Task details:
Nothing outside the lines below from the one containing "Iso Triple Zero" through the one containing "Перший позов сторона" is to be printed; print those exactly, ends included, and drop the pictures.

Data supplied:
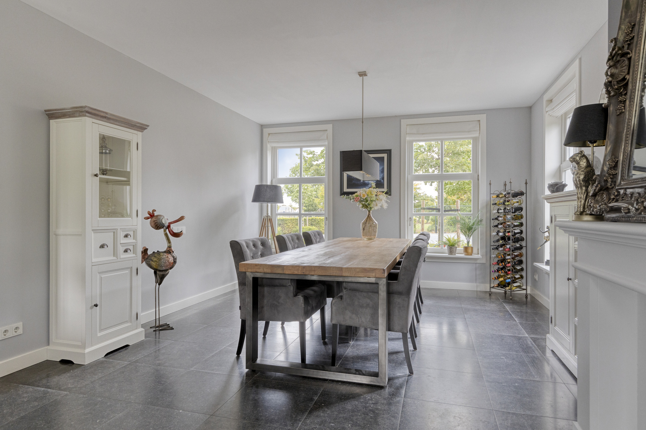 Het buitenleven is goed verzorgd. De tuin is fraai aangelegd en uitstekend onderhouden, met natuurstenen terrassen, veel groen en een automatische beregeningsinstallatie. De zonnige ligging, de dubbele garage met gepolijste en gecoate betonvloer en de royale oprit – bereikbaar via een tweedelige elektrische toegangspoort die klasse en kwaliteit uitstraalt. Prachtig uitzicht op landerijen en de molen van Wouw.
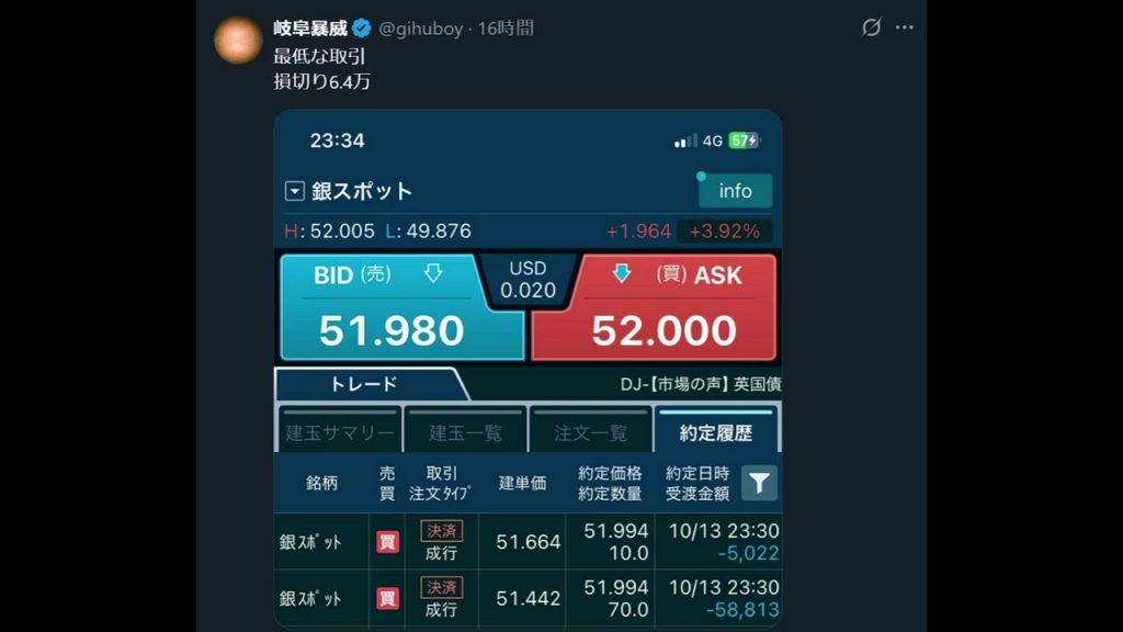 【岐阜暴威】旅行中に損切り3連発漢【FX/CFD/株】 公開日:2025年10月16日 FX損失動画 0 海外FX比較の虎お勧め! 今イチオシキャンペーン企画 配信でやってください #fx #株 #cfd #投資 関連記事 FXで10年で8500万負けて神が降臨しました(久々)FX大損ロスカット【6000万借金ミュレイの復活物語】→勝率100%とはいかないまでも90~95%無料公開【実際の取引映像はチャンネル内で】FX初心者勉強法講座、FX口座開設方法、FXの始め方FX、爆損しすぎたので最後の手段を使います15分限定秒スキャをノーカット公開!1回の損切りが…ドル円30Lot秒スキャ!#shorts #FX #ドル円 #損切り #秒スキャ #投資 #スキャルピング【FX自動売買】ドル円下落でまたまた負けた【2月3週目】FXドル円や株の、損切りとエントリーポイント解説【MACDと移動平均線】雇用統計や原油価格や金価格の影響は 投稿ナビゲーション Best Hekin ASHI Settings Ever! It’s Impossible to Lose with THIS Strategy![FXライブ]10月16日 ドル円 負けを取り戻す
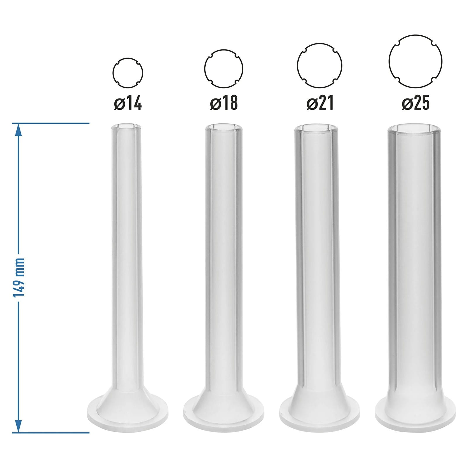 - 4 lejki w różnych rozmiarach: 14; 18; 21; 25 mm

==

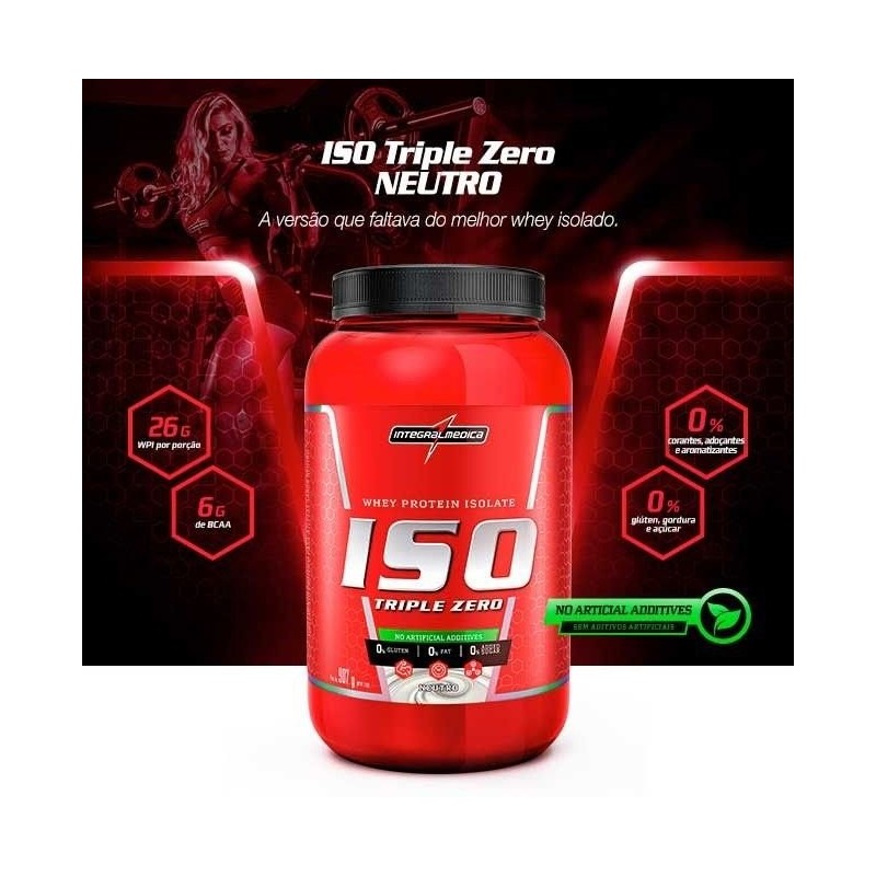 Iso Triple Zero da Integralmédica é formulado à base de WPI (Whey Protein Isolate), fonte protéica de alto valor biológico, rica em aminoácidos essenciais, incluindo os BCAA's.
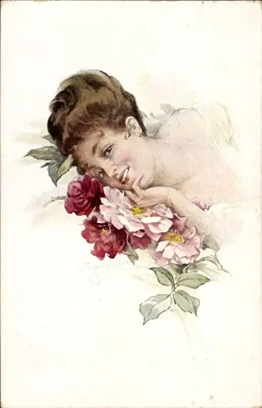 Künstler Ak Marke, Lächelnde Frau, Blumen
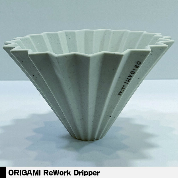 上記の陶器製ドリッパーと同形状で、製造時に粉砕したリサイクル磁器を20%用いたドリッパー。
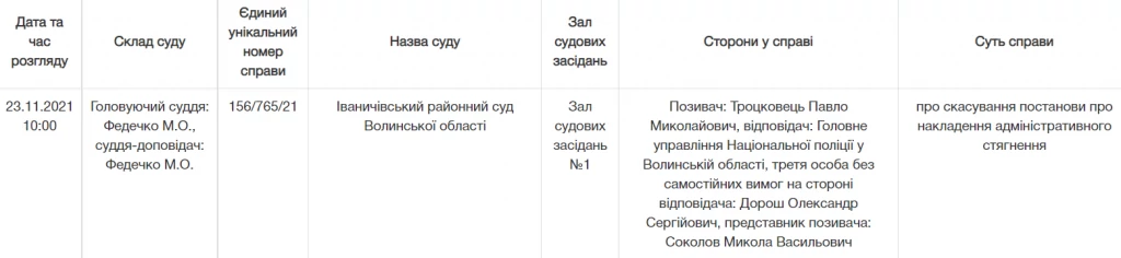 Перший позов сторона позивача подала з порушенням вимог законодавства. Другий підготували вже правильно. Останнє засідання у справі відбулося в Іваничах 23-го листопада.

Answer:
 Iso Triple Zero da Integralmédica é formulado à base de WPI (Whey Protein Isolate), fonte protéica de alto valor biológico, rica em aminoácidos essenciais, incluindo os BCAA's.
 Künstler Ak Marke, Lächelnde Frau, Blumen
 上記の陶器製ドリッパーと同形状で、製造時に粉砕したリサイクル磁器を20%用いたドリッパー。
 Перший позов сторона позивача подала з порушенням вимог законодавства. Другий підготували вже правильно. Останнє засідання у справі відбулося в Іваничах 23-го листопада.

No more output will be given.